The values of the $p\left(y\right)$ .
The means of the two distributions.
The covariance matrix.

The model has no hyper-parameters.

⚙️ Learning

✍️ Exercise 6.1

Find the optimal classification function using LDA
Can you give some confidence level based on the LDA model?
How would the algorithm change if you know that the prior chances of a tissue being malignant is 5%?

Solution 6.1-1

Implementing the LDA algorithm

## Define x & y
x = train_set[['radius_mean', 'texture_mean']].values
y = train_set['diagnosis'].values == 'M'

## Calculate p(y)
py1 = np.mean(y)
py0 = 1 - py1

## Calculate the means of the normal distributions
mu0 = x[y==0].mean(axis=0)
mu1 = x[y==1].mean(axis=0)

## Calculate the covariance matrix
x_minus_mu = np.concatenate((x[y==0] - mu0[None, :], x[y==1] - mu1[None, :]), axis=0)
cov_mat = (x_minus_mu.T @ x_minus_mu) / len(x)

## Calculate linear classifier coefficients
cov_mat_inv = np.linalg.inv(cov_mat)
a = cov_mat_inv @ (mu1- mu0)
b = 0.5 * (mu0 @ cov_mat_inv @ mu0 - mu1 @ cov_mat_inv @ mu1) + np.log(py1 / py0)

## Evaluate the risk on the train set
train_prediction = (x @ a + b) > 0
train_risk = (train_prediction != y).mean()

print_math('The train risk is: $${:.2}$$'.format(train_risk))

The train risk is: $0.12$

Let us plot the normal distributions and the classifier

from scipy.stats import multivariate_normal
x1_grid, x2_grid = np.meshgrid(np.arange(5, 35 + 1e-9, 0.1), np.arange(5, 35 + 1e-9, 0.1))

norm_dist0 = multivariate_normal(mu0, cov_mat)
norm_dist1 = multivariate_normal(mu1, cov_mat)
predict = (a[0] * x1_grid + a[1] * x2_grid + b) > 0

fig, ax = plt.subplots(figsize=(8, 8))
ax.contour(x1_grid, x2_grid, norm_dist0.pdf(np.stack((x1_grid, x2_grid), axis=2)), colors='k', alpha=0.3, levels=(0.005, 0.01, 0.015))
ax.contour(x1_grid, x2_grid, norm_dist1.pdf(np.stack((x1_grid, x2_grid), axis=2)), colors='k', alpha=0.3, levels=(0.005, 0.01, 0.015))
ax.imshow(predict, extent=[x1_grid.min(), x1_grid.max(), x2_grid.max(), x2_grid.min()], cmap='jet', alpha=0.5)
ax.plot(x[y==1, 0], x[y==1, 1],'.r', markersize=4, label='M')
ax.plot(x[y==0, 0], x[y==0, 1],'.b', markersize=4, label='B')
ax.set_xlim(x1_grid.min(), x1_grid.max())
ax.set_ylim(x2_grid.min(), x2_grid.max())
ax.grid(True)
ax.set_title('Radius Mean vs.

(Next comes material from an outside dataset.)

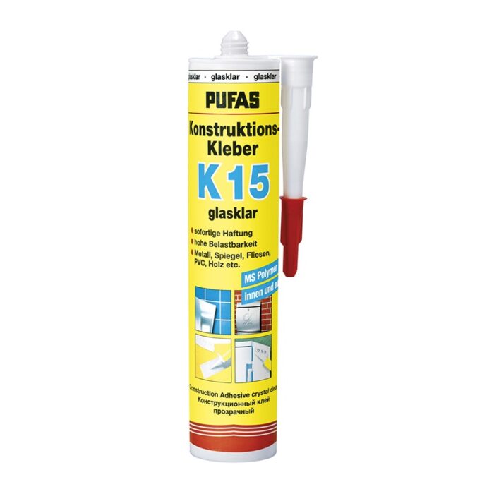 Pufas K15 прозрачный конструкционный клей (0,29 л) – надежный помощник в строительстве и ремонте! Этот клей, словно хамелеон, идеально подходит для внутренних и наружных работ, будь то керамическая плитка, дерево или металл. Эластичный, как пантера, он обеспечивает прочное сцепление даже с такими материалами, как гипсокартон, ПВХ и зеркала.
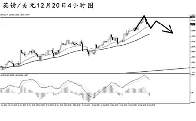 英鎊兌美元經(jīng)過日線圖連續(xù)3天實體收陽,順利地到達(dá)了大級別1.6300一線的阻力,但很可惜匯價并未能創(chuàng)出新高,同時也未能將中線震蕩區(qū)間的上沿刺破。短線英鎊的下調(diào)力度強(qiáng)勁,雖然匯價距離4小時圖均線系統(tǒng)的依托尚有一段距離,但預(yù)計英鎊仍有一定的下調(diào)動力,后市以謹(jǐn)慎看下調(diào)為主思路。

Texture Mean')
ax.set_xlabel('Radius')
ax.set_ylabel('Gray levels STD')
ax.legend();

png

Solution 6.1-2

In the LDA algorithm, and in any other generative algorithm, we are selecting the classifier based on the estimated underlying distribution. Therefore we can actually predict the probability of a tissue being malignant.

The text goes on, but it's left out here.